私のトレッキング記録「ヤマログ」の電子版です。主として山歩きの情報や感じたことを書いています。山に登れない時はなにを書こうかな・・・。

<承前>

8/23 最終日 農鳥小屋-農鳥岳-奈良田 そして帰還

昨日の夕方降り始めた雨(結構ひどかった)は、偏屈親父の予言通り未明には上がっていた。

なるほど、このあたりの天候を知悉しているところなどはさすがである。

人により好き嫌いはあるだろうが、農鳥小屋親父の流儀は独特である。

昨晩は、午後18:30約8名の小屋客が登山談義で盛り上がっている最中、いきなり消灯ラッパ(口で)を吹き、強制的に明かりを消した。

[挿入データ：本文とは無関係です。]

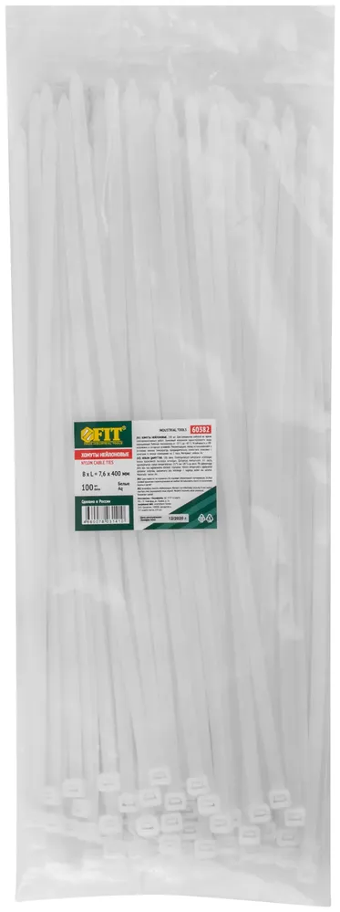 Хомуты нейлоновые для проводов, белые 100 10., 7,6х400 мм — крепёжный элемент для монтажа, фиксации и сборки конструкций.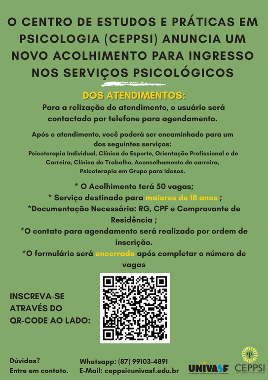 A inscrição se dará por meio do QR-CODE. O acolhimento ocorrerá presencialmente nas dependências físicas do serviço. O público-alvo são sujeitos maiores de 18 anos.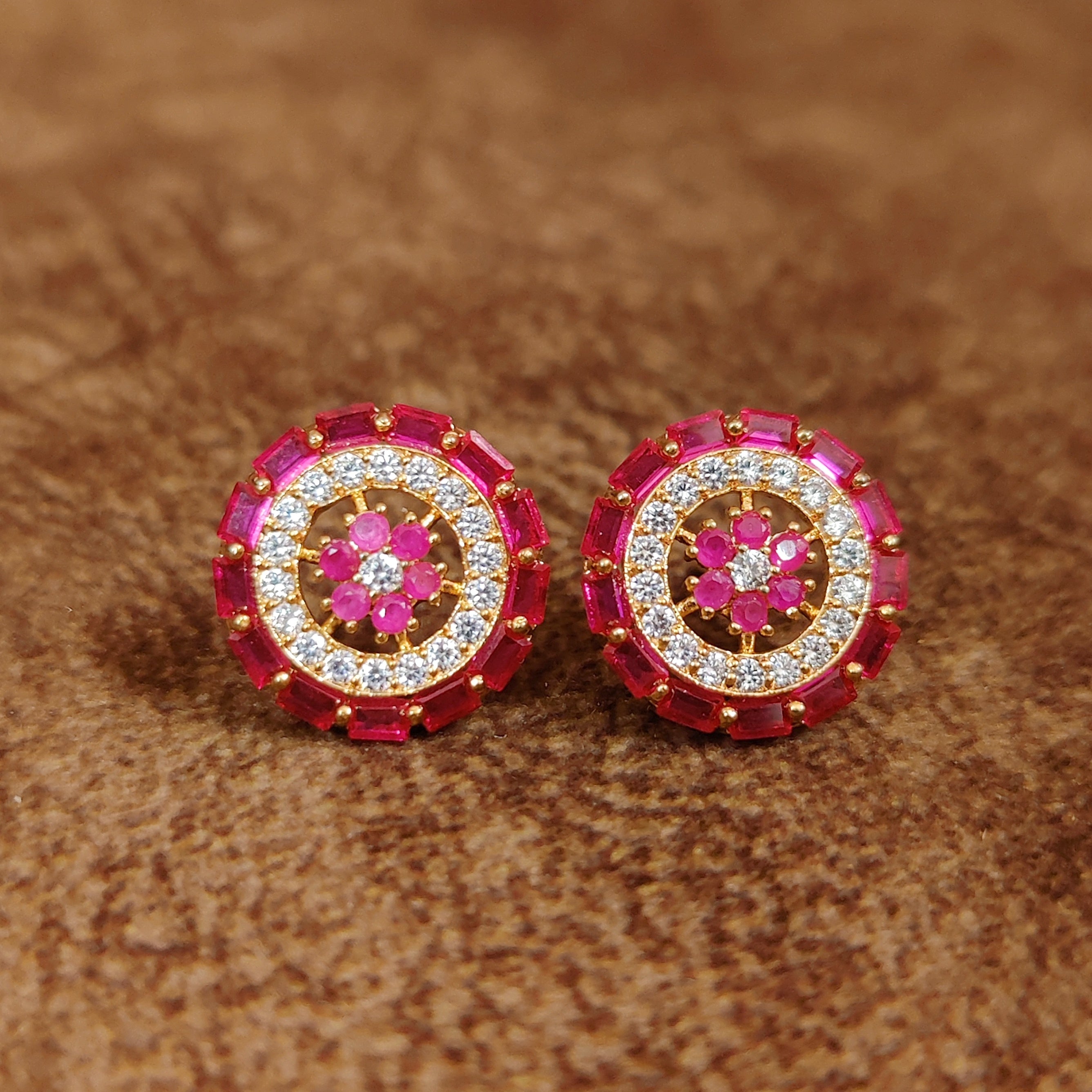 RUBY PINK CZ STUDDED ROUND SHAPED STUDS

(・・・さすがにまだ寝れるはずないだろ!)

03:30 就寝のリズムが狂ったままの未明、またもや(軍隊式の)起床ラッパにより強制的に起こされる。

04:00から朝食だと言う。当然辺りは真っ暗である。そしてヘッドライトを点け朝食会場へ。

味噌汁に卵を添えたなかなかの朝食が終わったのが04:30。もうすることがない。

 

04:40 予定より大分早いが、縦走最後の山である農鳥岳に向かうことにする。外は暗いが天候は良さそうだ。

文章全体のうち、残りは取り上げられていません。